Banks rebound with shares rising by up to 50% in early trading after dramatic plunges -but credit rating agency Moody’s puts six banks on downgrade watchlist

  • Regional banks First Republic, PacWest and Western Alliance that suffered in yesterday’s bloodbath were heading towards the green with strides of up to 62%
  • The Big Four were all trending up: Bank of America was ticking over 3.6%, Citigroup moved 2.5%, JP Morgan Chase hiked 1.9% and Wells Fargo up 3.2%
  • But overnight European and Asian markets were rattled by news that investment bank Credit Suisse had discovered a ‘material weakness’ in its internal controls

The banks rebounded in premarket trading this morning with shares rising up to 50 percent after dramatic slides yesterday that sparked contagion fears after the collapse of Silicon Valley Bank.

Regional banks that suffered in yesterday’s bloodbath were heading toward the green. First Republic Bank leapt as much as 51 percent in premarket action after a record 62 percent drop. PacWest climbed 40 percent and Western Alliance rose 22 percent.

The Big Four of trillion-dollar banks were all trending higher. Bank of America was ticking over 3.6 percent, Citigroup moved north of 2.5 percent, JP Morgan Chase hiked 1.9 percent and Wells Fargo made a 3.2 percent stride to the good.

But credit agency Moody’s put six banks on watch for a potential downgrade. First Republic, Zions, Western Alliance, Comerica, UMB Financial and Intrust Financial are all being reviewed over ‘extremely volatile funding conditions for some US banks exposed to the risk of uninsured deposit outflows.’

Overnight European and Asian markets were rattled by news that investment bank Credit Suisse had discovered a ‘material weakness’ in its internal controls over financial reporting.

A San Francisco police officer sits parked in his car in front of First Republic Bank headquarters on Tuesday. The bank leapt as much as 51 percent in premarket action after a record 62 percent drop.

A San Francisco police officer sits parked in his car in front of First Republic Bank headquarters on Tuesday. The bank leapt as much as 51 percent in premarket action after a record 62 percent drop.

London’s FTSE 100 slid 0.4% lower to 7,515 points as it reached its lowest since January 3. It compounded a 2.58 percent slide on Monday, as more than £50 billion was wiped off the value of the stock exchange over the course of the day.

Banking giants HSBC and Standard Chartered were among the largest fallers during the start of trading on Tuesday.

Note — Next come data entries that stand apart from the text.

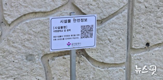(뉴스핏 = 김수진 기자) 용인특례시는 지역 내 육교와 옹벽에 안전 점검 이력과 결과를 시민 누구나 알 수 있도록 ‘도로시설물 안전 점검 표시제’를 시행한다고 14일 밝혔다.
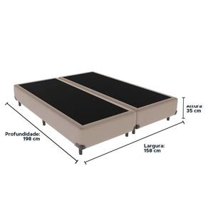 Marca: KazaMix Modelo: Box Cor do Box: Bege Tamanho: Queen Dimensões: 158X198X35 (Largura x Comprimento x Altura) Estrutura: Madeira Peso máximo recomendado: 150 kg (Por Pessoa) Altura do Box: 25 cm Altura dos Pés: 10 cm Altura total: 35 cm Garantia: 03 meses Selo Ecologicamente Correto
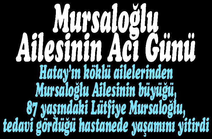 Hatay’ın köklü ailelerinden Mursaloğlu Ailesinin büyüğü, 87 yaşındaki Lütfiye Mursaloğlu, tedavi gördüğü hastanede yaşamını yitirdi. Hurşit Mursaloğlu’nun da eşi olan ve 4 kız, bir erkek çocuk annesi Lütfiye Mursaloğlu, önceki gün düzenlenen törenle toprağa verildi. Mursaloğlu’nun cenazesi önce İskenderun’daki evine getirildi ve yakınları ile komşularından helallik alındıktan sonra cenaze töreni için Kaptan Paşa Camiine götürüldü. Öğle namazına müteakiben kılınan cenaze namazının ardından Lütfiye Mursaloğlu’nun cenazesi, Karaağaç Asri Mezarlığında ailesi ve sevenlerinin gözyaşlarıyla toprağa verildi.
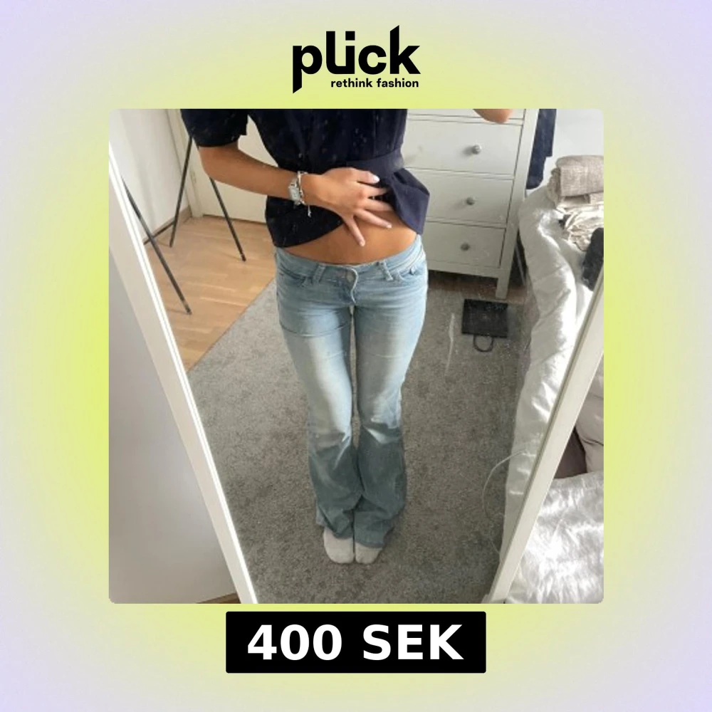 Säljer ett par ljusblå bootcut jeans med låg midja och snygga rosa broderade detaljer på bakfickorna. Jeansen har klassisk femficksdesign och är tillverkade i mjukt denimtyg som sitter skönt. Perfekt för dig som gillar retrovibbar och cool stil. obs slitningar längst nere men stör inte
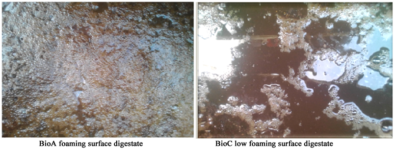 Moreover, another phenomenon could also explain these different behaviors; at the BioA level, the digestate is very foamy compared to that of BioC (Figure 8). This is often created by the accumulation of NH3 and long-chain fatty acids [13]. Hence the decrease in biogas production at the BioA level.
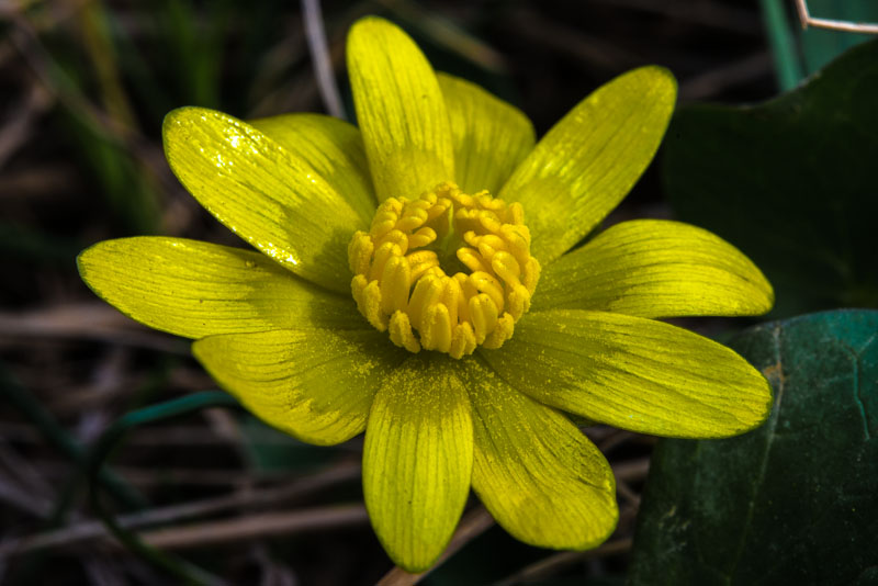Lesser Celandine (Ficaria verna) along the road.
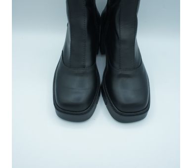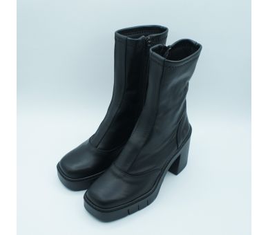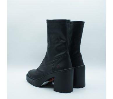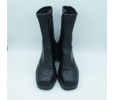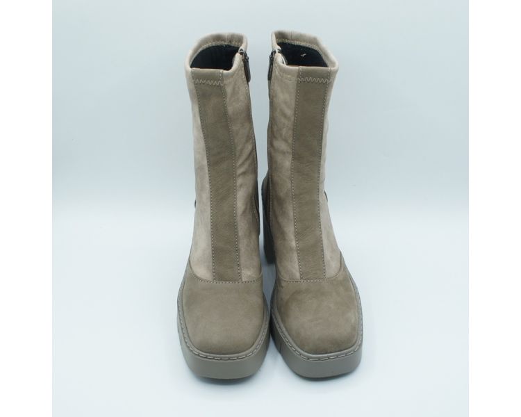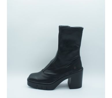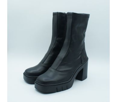 Botín 1973 Berna de la colección de Art que tienes disponible en dos acabado, nappa en color negro y  nobuck en color taupe. Punta cuadrada, cierre con cremallera interior de fabricada con materiales reciclados. Suela de goma muy ligera con plataforma, altura del tacón 8cm y plataforma 3 cm. Altura de la caña 17 cm, en licra elástica que permite adaptarse a la pierna. Interior en textil y plantilla extraíble de microfibras.

Global financial markets had continued their slump earlier in the session, as Asia was rocked again by worries in the financial sector.

Efforts by US President Joe Biden late on Monday and other policymakers did little to turn sentiment around for cautious investors.

He said: ‘Americans can have confidence that the banking system is safe. Your deposits will be there when you need them.’

Nevertheless, he promised to look at new banking regulations to make it less likely that such a large bank failure can happen again.

Banking shares in Asia – where the first global markets open – continued their decline on the opening bell on Tuesday, with a particularly poor start for Japanese firms.

The Nikkei 225 in Tokyo fell 2.2 percent, while the S&P/ASX 200 closed 1.4 percent down, representing a third consecutive day of decline.

Ipek Ozkardeskaya, senior analyst at Swissquote, said: ‘Monday was yet another ugly day for bank stocks around the world, as the selling pressure continued following the SVB debacle in the US last week.’

The analyst added that attention will now turn towards Tuesday’s US consumer price index (CPI) inflation reading, amid worries that the banking turbulence could alter the path for interest rates.

‘There is now a massive lack of consensus in the market regarding what the Fed should do, and what the Fed will do,’ she said.

‘Some think that, if today’s inflation data is not sufficiently soft, the Fed should continue hiking by 50bp (basis points).’